The villa hadn’t been new. It had needed repairs and his father had enlisted Stavros to set fresh paving stones at the front entrance while his mother and sisters had potted the bougainvillea that now bloomed in masses of pink against the white walls.
The memories were so sharp and painful as Stavros sat there, he wanted to jam the truck in Reverse and get away from all of it.

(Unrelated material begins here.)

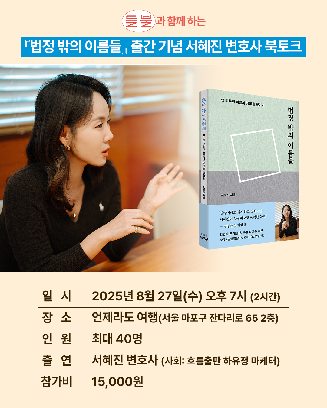 🔹일시: 2025년 8월 27일 오후 7시 (2시간) 🔹장소: 언제라도 여행 (서울 마포구 잔다리로 65 2층) 🔹인원: 최대 40명 🔹출연: 서혜진 변호사(사회: 흐름출판 하유정 마케터)

But where would he go? Back to the blaming, shaming glint in his grandfather’s hard stare? Back to the understudy role he hated, but played because his father wasn’t there to be the star?
Cursing Sebastien afresh, Stavros glanced over his work order. He wasn’t cleaning the pool, but repairing the cracked tiles around it. Déjà vu with paving stones. The mistress of the house would direct him.
He blew out a disgusted breath. After two decades of bearing up under his grandfather’s dictates, and now facing a demand that he marry, he was at the end of his rope with being told what to do.
No one answered the doorbell so he let himself in through the gate at the side and went down the stairs into a white-walled courtyard that opened on one side to the view of the sea. His arrival didn’t stir Venus from her slumber.
Damn, but his tension wanted an outlet. He let his gaze cruise over her stellar figure once more. If she was a wife, she was the trophy kind, but she wasn’t wearing a ring.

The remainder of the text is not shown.